Market for Clothing in GermanyConsumer SurplusProducer SurplusPrice of ClothingQuantity of ClothingDomestic DemandDomestic SupplyNew World Price
Overall, countris benefit from the fall in the world price of clothing, while countries are harmed by the price change.
The expansion of China’s clothing industry has significant implications for both importing and exporting countries in the global clothing market. To understand these effects, let’s first examine the market for clothing in Vietnam and Germany before and after China’s clothing industry expansion.
Vietnam’s Clothing Market
Before China’s clothing industry expansion, Vietnam was an importer of clothing, and the world price was higher than the domestic equilibrium price. This meant that Vietnam’s domestic consumers were willing to pay more for clothing than the world price, resulting in a consumer surplus. Similarly, domestic clothing producers faced lower prices due to competition with cheaper imports, leading to a smaller producer surplus.
Before Expansion
Consumer Surplus (Green Triangle): This represents the area where domestic consumers benefit from paying a lower price for clothing than they were willing to pay before China’s expansion.
Producer Surplus (Purple Diamond): This area represents the loss incurred by domestic producers due to competition from lower-priced Chinese clothing.
After China’s clothing industry expansion, the world supply of clothing increases, causing the world price of clothing to decrease. As a result, Vietnam’s domestic consumers benefit even more from lower prices, leading to an expanded consumer surplus. However, domestic producers in Vietnam face increased competition from cheaper Chinese imports, further reducing their producer surplus.
After Expansion
Consumer Surplus (Green Triangle): This area grows as consumers enjoy even lower prices for clothing.

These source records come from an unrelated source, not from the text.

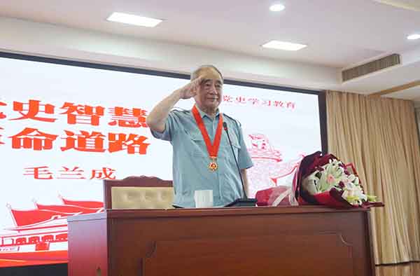 銘記革命歷史,傳承紅色基因?!爸袊萌恕?、空軍老戰(zhàn)士報告團、洪山區(qū)“五老”報告團團長毛蘭成在大會上以《汲取黨史智慧 走好革命道路》為題為全體黨員作報告。
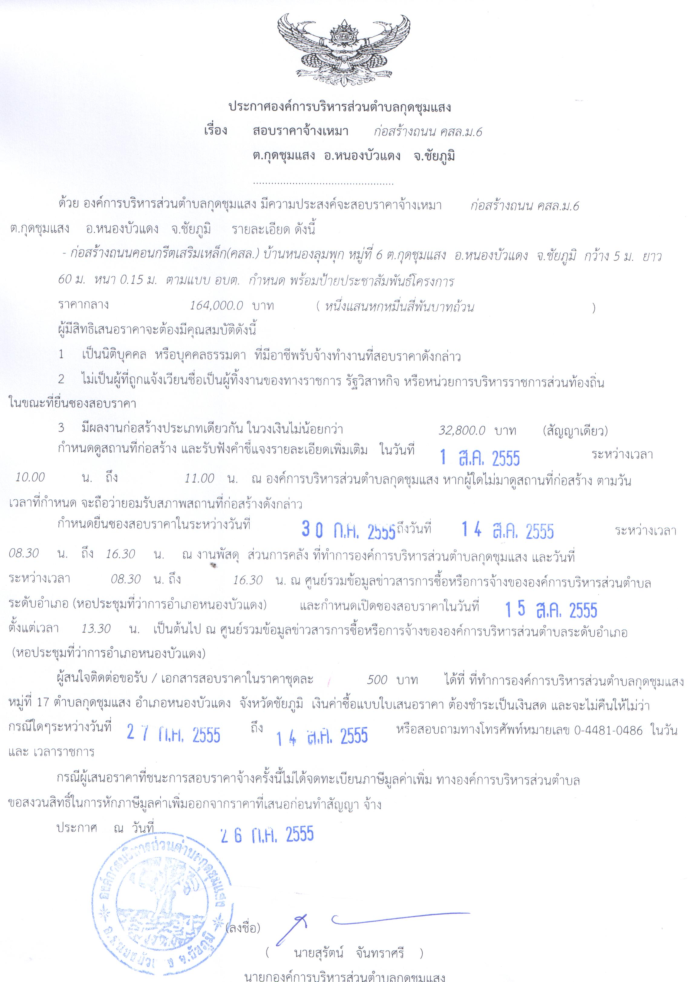 ประกาศ เรื่อง สอบราคาจ้างเหมา ก่อสร้างถนน คสล.หมู่ 6
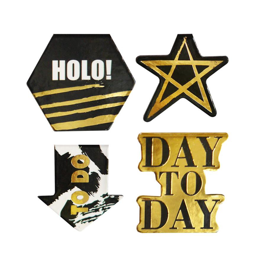 Zestaw 4 sztuk zakładek magnetycznych w kolorystyce czarnej i złotej.

Producer Surplus (Purple Diamond): The producer surplus continues to shrink as domestic producers face intensified competition.
Germany’s Clothing Market
Before China’s clothing industry expansion, Germany was an exporter of clothing, with the world price exceeding the domestic equilibrium price. German producers were able to sell clothing at higher prices globally, resulting in a significant producer surplus. Domestic consumers paid less for clothing than the world price, generating a smaller consumer surplus.
Before Expansion
Consumer Surplus (Green Triangle): Domestic consumers benefited from paying less for clothing than the global market price.

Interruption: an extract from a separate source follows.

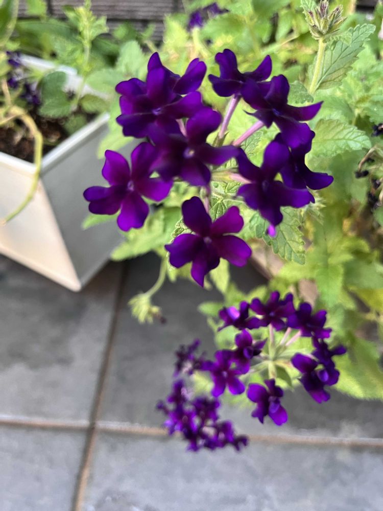 パープルバーベナさんは、何かブランド名が付いていたので、お花もしっかり咲き続けています。こんなに深いパープルってあまり見ないですよね🥰💜

Producer Surplus (Purple Diamond): German producers enjoyed a substantial surplus due to higher export prices.
After China’s clothing industry expansion, the world price of clothing decreases, leading to changes in Germany’s market dynamics. German consumers now pay lower prices for clothing, increasing their consumer surplus. However, German producers face challenges as they must now sell clothing at the reduced world price, resulting in a diminished producer surplus.
After Expansion
Consumer Surplus (Green Triangle): Domestic consumers benefit from even lower clothing prices.
Producer Surplus (Purple Diamond): German producers see a reduction in their surplus due to the lower world price.

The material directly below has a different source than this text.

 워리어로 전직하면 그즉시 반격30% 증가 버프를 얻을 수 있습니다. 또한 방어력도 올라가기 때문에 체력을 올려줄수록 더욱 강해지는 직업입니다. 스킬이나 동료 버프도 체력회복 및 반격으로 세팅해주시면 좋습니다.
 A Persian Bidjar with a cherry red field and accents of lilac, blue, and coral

In summary, countries that were previously importers of clothing, like Vietnam, benefit from the fall in the world price of clothing, as their consumers enjoy lower prices. However, their domestic clothing producers face intensified competition and suffer a decrease in surplus. On the other hand, countries that were exporters of clothing, like Germany, experience a boost in consumer surplus but see a reduction in producer surplus due to the lower world price.
Overall, it is essential to recognize that the effects of China’s clothing industry expansion are not uniform across countries and depend on their roles as importers or exporters in the global clothing market. Importing countries benefit from lower prices, while exporting countries face challenges in maintaining their previous levels of producer surplus.